- **Exercise objective**
Return the listing exactly as it appears, but strip out the images.

- **Exercise input**
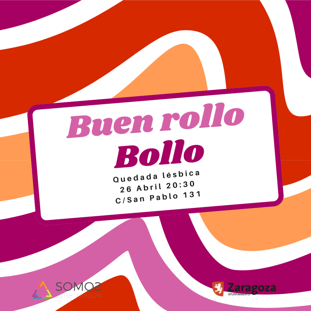 | TEMA: Buen rollo bollo Fecha y hora: 26 de Abril a las 20:30 Lugar: C/ San Pablo 131 Zaragoza TEMA: Cafés y bollos Fecha y hora: 27 de Abril a las 11:30 Lugar: C/ San Pablo 131 Zaragoza Contacto para prensa: organizacion@somoslgtb.com |
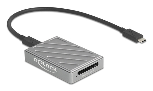 The card reader by Delock can be used for reading and writing CFexpress memory cards. The card reader can be connected to a PC or a mobile device via the USB interface. Thanks to the support of a maximum data transfer rate of up to 40 Gbps, even large amounts of data - such as 8K video recordings or RAW image series - can be transferred extremely quickly. The card reader is therefore ideal for professional users in the photo and video sector.
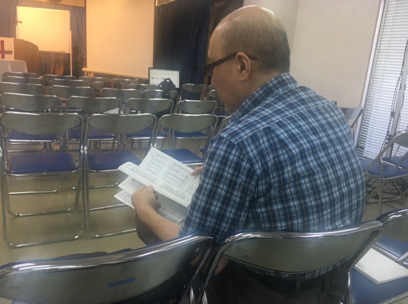 金曜日礼拝前です! 今日は森田さん、いらしてます! peter
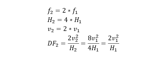 Stel dat ik hetzelfde object met een twee keer zo lange brandpuntsafstand van twee keer zo ver fotografeer, dan verandert de scherptediepte vrijwel niet. Op basis van de vereenvoudigde formule voor DF blijft die gelijk. De hyperfocale afstand H wordt vier keer zo groot. Brandpuntsafstand en afstand tot het object worden verdubbeld.
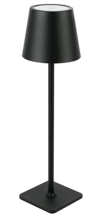 SKLADEM ADAME 1,1W, IP54, USB C Stolní lampa, těleso hliník, černá mat, krycí plast čirý, LED 1,1W, 100lm, teplá 3000K, dotyk stmívání, Ra80, napájení akumulátor 2200mAh, nabíjení USB C, IP54, rozměry d=110mm, h=280mm

- **Output of the exercise**
 | TEMA: Buen rollo bollo Fecha y hora: 26 de Abril a las 20:30 Lugar: C/ San Pablo 131 Zaragoza TEMA: Cafés y bollos Fecha y hora: 27 de Abril a las 11:30 Lugar: C/ San Pablo 131 Zaragoza Contacto para prensa: organizacion@somoslgtb.com |
 The card reader by Delock can be used for reading and writing CFexpress memory cards. The card reader can be connected to a PC or a mobile device via the USB interface. Thanks to the support of a maximum data transfer rate of up to 40 Gbps, even large amounts of data - such as 8K video recordings or RAW image series - can be transferred extremely quickly. The card reader is therefore ideal for professional users in the photo and video sector.
 金曜日礼拝前です! 今日は森田さん、いらしてます! peter
 Stel dat ik hetzelfde object met een twee keer zo lange brandpuntsafstand van twee keer zo ver fotografeer, dan verandert de scherptediepte vrijwel niet. Op basis van de vereenvoudigde formule voor DF blijft die gelijk. De hyperfocale afstand H wordt vier keer zo groot. Brandpuntsafstand en afstand tot het object worden verdubbeld.
 SKLADEM ADAME 1,1W, IP54, USB C Stolní lampa, těleso hliník, černá mat, krycí plast čirý, LED 1,1W, 100lm, teplá 3000K, dotyk stmívání, Ra80, napájení akumulátor 2200mAh, nabíjení USB C, IP54, rozměry d=110mm, h=280mm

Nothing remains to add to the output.